Does computer-assisted instruction help community college health students with reading difficulties to learn reading skills at a faster than normal rate? A researcher arranged for one of these students to have access to a set of computer-learning programs instead of the normal reading curriculum for one term. At the end of the term, the researcher tested her on a standardized reading ability test on which the mean for students with reading difficulties is 36 with a standard deviation of 6. The test participant scored 47. Was this result significant at the .05 level?

Z = (score-mean)/SD

Find table in the back of your statistics text labeled something like "areas under normal distribution" to find the proportion/probability related to the Z score.

To determine if the result is significant at the .05 level, we need to perform a hypothesis test using the z-test statistic and compare it to the critical value.
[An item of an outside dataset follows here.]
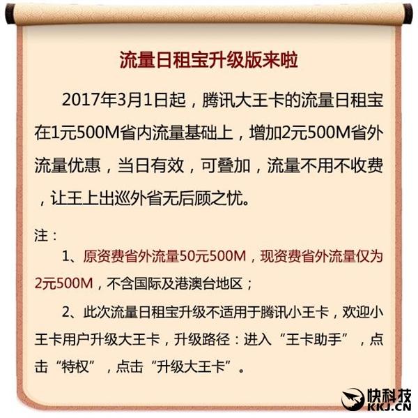 2017年3月1日起,腾讯大王卡的流量日租宝进行了升级,增加了省外流量,更加方便用户使用。

Here's how you can approach this problem:

Step 1: State the hypotheses:
The null hypothesis (H0) is that computer-assisted instruction does not help community college health students with reading difficulties to learn reading skills at a faster rate. The alternative hypothesis (H1) is that computer-assisted instruction does help students to learn reading skills faster.
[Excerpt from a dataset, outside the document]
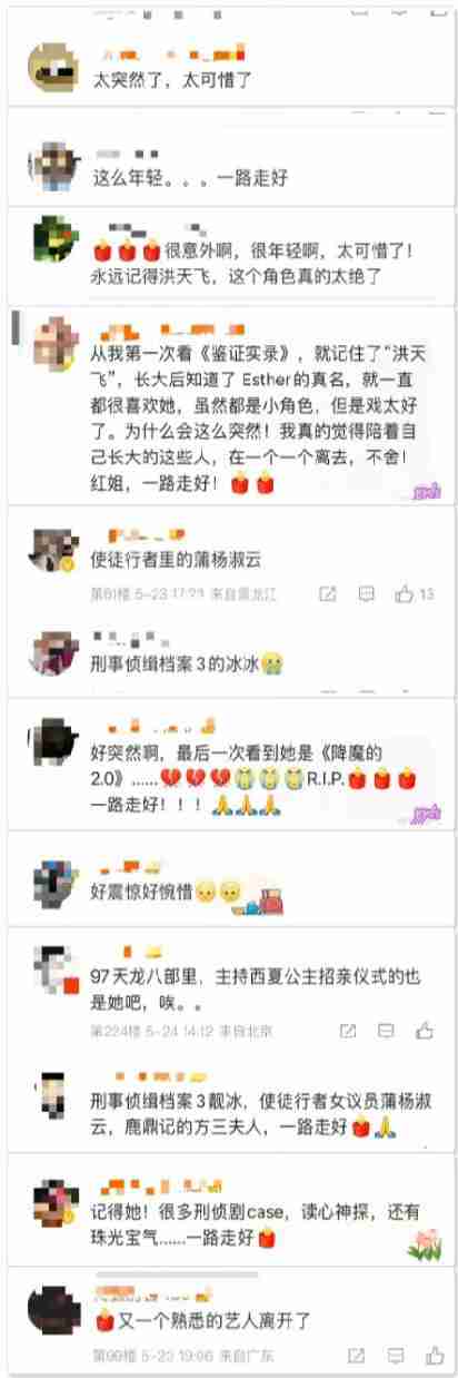 噩耗传来后,TVB对她离世深表可惜,并向其家人致以深切慰问。香港知名艺人马浚伟在TVB社交媒体留言“RIP Esther,静待他日再相见”。网友们留言表示“很多港剧都见过她”“又是一个认识的老面孔,一路走好”。

Step 2: Set the significance level:
The significance level (α) is given as .05 or 5%, which means we need to compare the test statistic to the critical value at this level.

Step 3: Calculate the test statistic:
To calculate the test statistic (z), we need the sample mean (x̄), the population mean (μ), and the standard deviation (σ).

Given:
Sample mean (x̄) = 47
Population mean (μ) = 36
Standard deviation (σ) = 6

The test statistic formula for a single sample z-test is:

z = (x̄ - μ) / (σ / √n)

Substituting the values:
z = (47 - 36) / (6 / √1)

Simplifying:
z = 11 / 6

Step 4: Compare the test statistic to the critical value:
To determine if the result is significant, we compare the calculated test statistic to the critical value at the given significance level (α = .05).

For a two-tailed test at the .05 level, the critical z-value is ±1.96.

If the calculated test statistic falls outside the critical value range, we can reject the null hypothesis.

In this case, the calculated test statistic of z = 11/6 is approximately 1.833.

Step 5: Make a conclusion:
Since the calculated test statistic (1.833) does not fall outside the critical value range (-1.96 to 1.96), we fail to reject the null hypothesis.

Therefore, we do not have enough evidence to conclude that computer-assisted instruction helps community college health students with reading difficulties to learn reading skills at a faster rate at the .05 significance level.

In summary, the result is not significant at the .05 level.